Description of the task –
Repeat the listing word for word. Leave every picture out.

[[ Provided data, beginning ]]

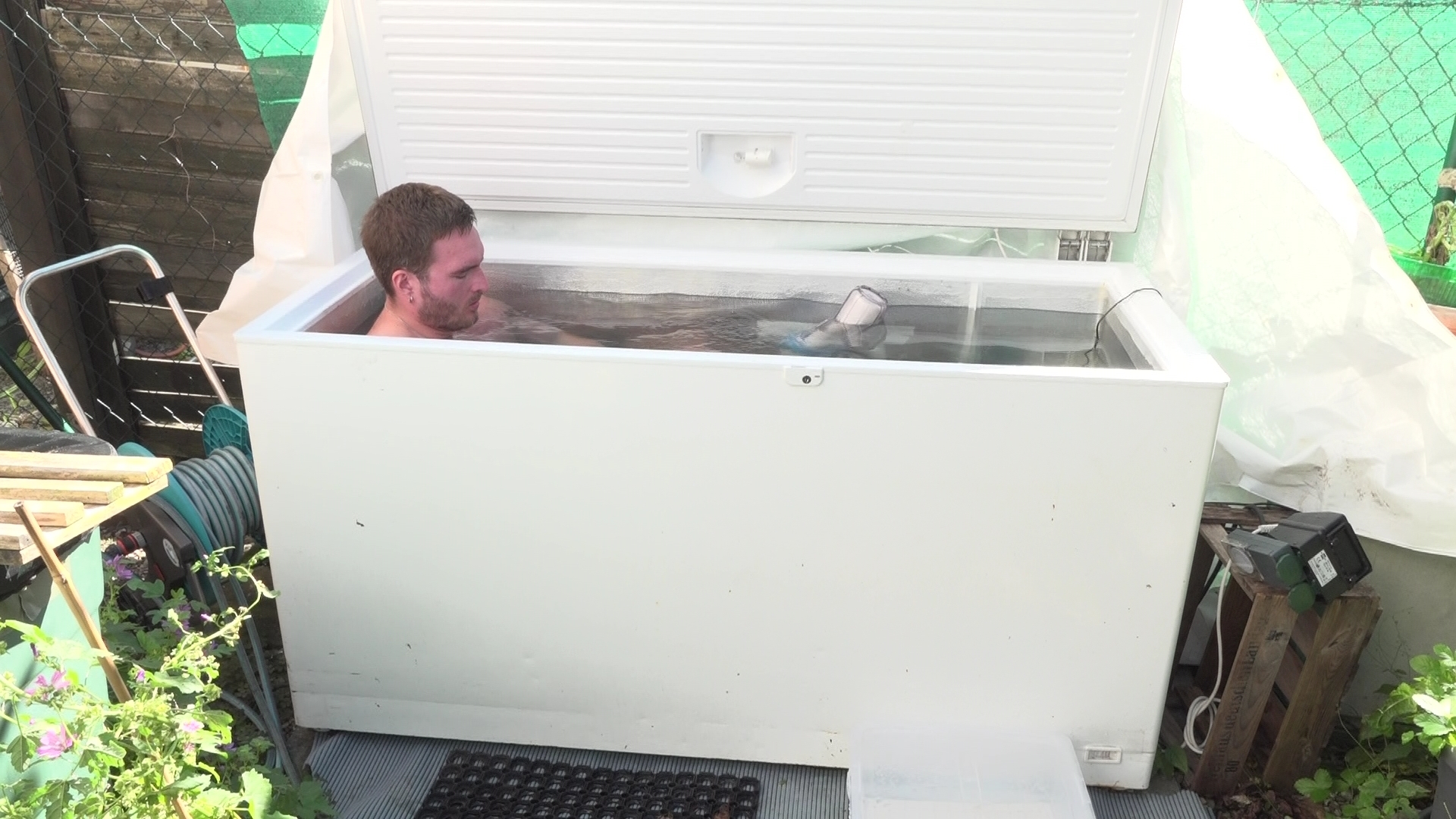 Eisbaden hat positive Auswirkungen auf die Durchblutung und das Immunsystem. Kaltes Wasser zieht die Hautgefäße zusammen und steigert die Durchblutung, was den Blutdruck senken kann. Der Wechsel von Kälte und Wärme stimuliert das Immunsystem und reduziert Entzündungsmarker im Blut. Es verbessert auch das allgemeine Wohlbefinden, reduziert Stress und Müdigkeit und kann Beschwerden bei Rheuma, Fibromyalgie und Asthma lindern. Eisbaden setzt Glückshormone frei und fördert die Verbrennung von weißem Körperfett. Es sorgt für strahlende Haut durch bessere Durchblutung und Entzündungslinderung. Nicht nur der vielen positiven Effekte wegen hat Matthias Bleil aus Heidenheim mit Eisbaden angefangen. Dieses Jahr hat er sich einen Traum erfüllt und badet in seinem eigenen Garten – wenn auch in einem etwas ungewöhnlichen Behälter.
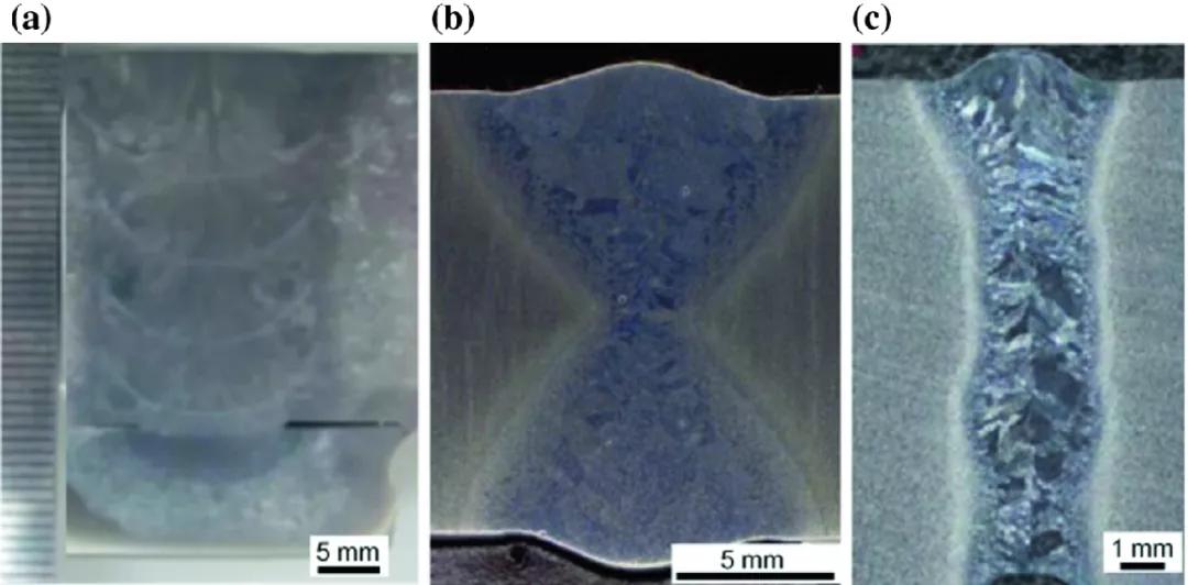圖13 TC4接頭截面:窄間隙TIG焊;b laser-MIG焊接;C激光焊絲焊接
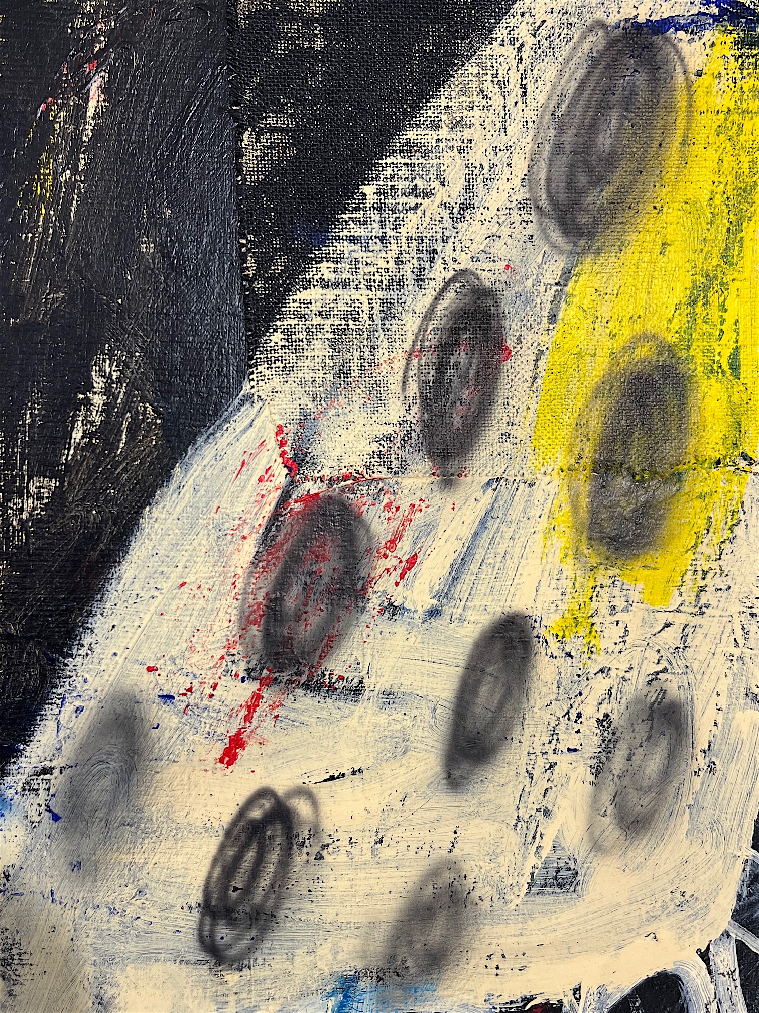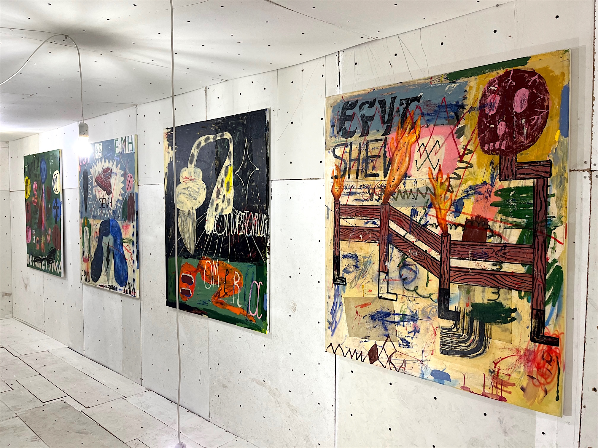 Die Arbeiten hängen im Keller der Galerie. Die geweißten und gelöchterten Holzplatten stammen noch von Simon Hehemann. Der Raum wirkt gedrungen, dumpf und ein wenig beengt, aber das scheint gerade richtig für diese Werke, die an Streetart erinnern, als wären sie Ausschnitte aus einer viel größeren Wandfläche in einem U-Bahn Tunnel, hastig gemalt in neobeleuchteten Treppenaufgängen, durch die Menschen in Mänteln mit Taschen hasten. Kunst im Rohzustand.
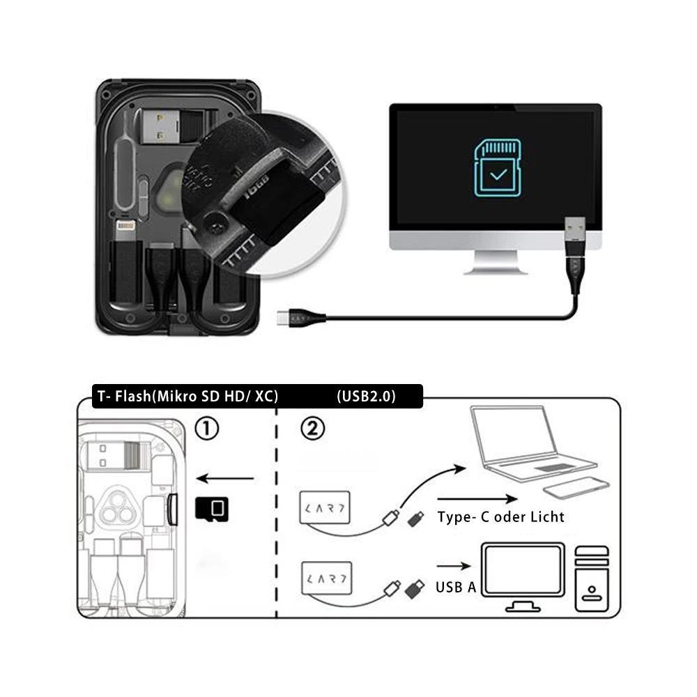 - Nicht nur das Ladekabel KableCARD verfügt über 1 eingebauten Kartensteckplatz und 2 Speicherkartensteckplätze. Es ist praktisch, die WLAN-Karte auszutauschen und die Ersatz-SIM-Karte aufzubewahren. Wenn Sie ins Ausland oder auf Geschäftsreise reisen, müssen Sie sich keine Sorgen mehr machen, dass Sie Ihre Karte und Ihre SIM-Karte verlieren.

[[ Provided data, end ]]

Your response –
 Eisbaden hat positive Auswirkungen auf die Durchblutung und das Immunsystem. Kaltes Wasser zieht die Hautgefäße zusammen und steigert die Durchblutung, was den Blutdruck senken kann. Der Wechsel von Kälte und Wärme stimuliert das Immunsystem und reduziert Entzündungsmarker im Blut. Es verbessert auch das allgemeine Wohlbefinden, reduziert Stress und Müdigkeit und kann Beschwerden bei Rheuma, Fibromyalgie und Asthma lindern. Eisbaden setzt Glückshormone frei und fördert die Verbrennung von weißem Körperfett. Es sorgt für strahlende Haut durch bessere Durchblutung und Entzündungslinderung. Nicht nur der vielen positiven Effekte wegen hat Matthias Bleil aus Heidenheim mit Eisbaden angefangen. Dieses Jahr hat er sich einen Traum erfüllt und badet in seinem eigenen Garten – wenn auch in einem etwas ungewöhnlichen Behälter.
圖13 TC4接頭截面:窄間隙TIG焊;b laser-MIG焊接;C激光焊絲焊接
 Die Arbeiten hängen im Keller der Galerie. Die geweißten und gelöchterten Holzplatten stammen noch von Simon Hehemann. Der Raum wirkt gedrungen, dumpf und ein wenig beengt, aber das scheint gerade richtig für diese Werke, die an Streetart erinnern, als wären sie Ausschnitte aus einer viel größeren Wandfläche in einem U-Bahn Tunnel, hastig gemalt in neobeleuchteten Treppenaufgängen, durch die Menschen in Mänteln mit Taschen hasten. Kunst im Rohzustand.
 - Nicht nur das Ladekabel KableCARD verfügt über 1 eingebauten Kartensteckplatz und 2 Speicherkartensteckplätze. Es ist praktisch, die WLAN-Karte auszutauschen und die Ersatz-SIM-Karte aufzubewahren. Wenn Sie ins Ausland oder auf Geschäftsreise reisen, müssen Sie sich keine Sorgen mehr machen, dass Sie Ihre Karte und Ihre SIM-Karte verlieren.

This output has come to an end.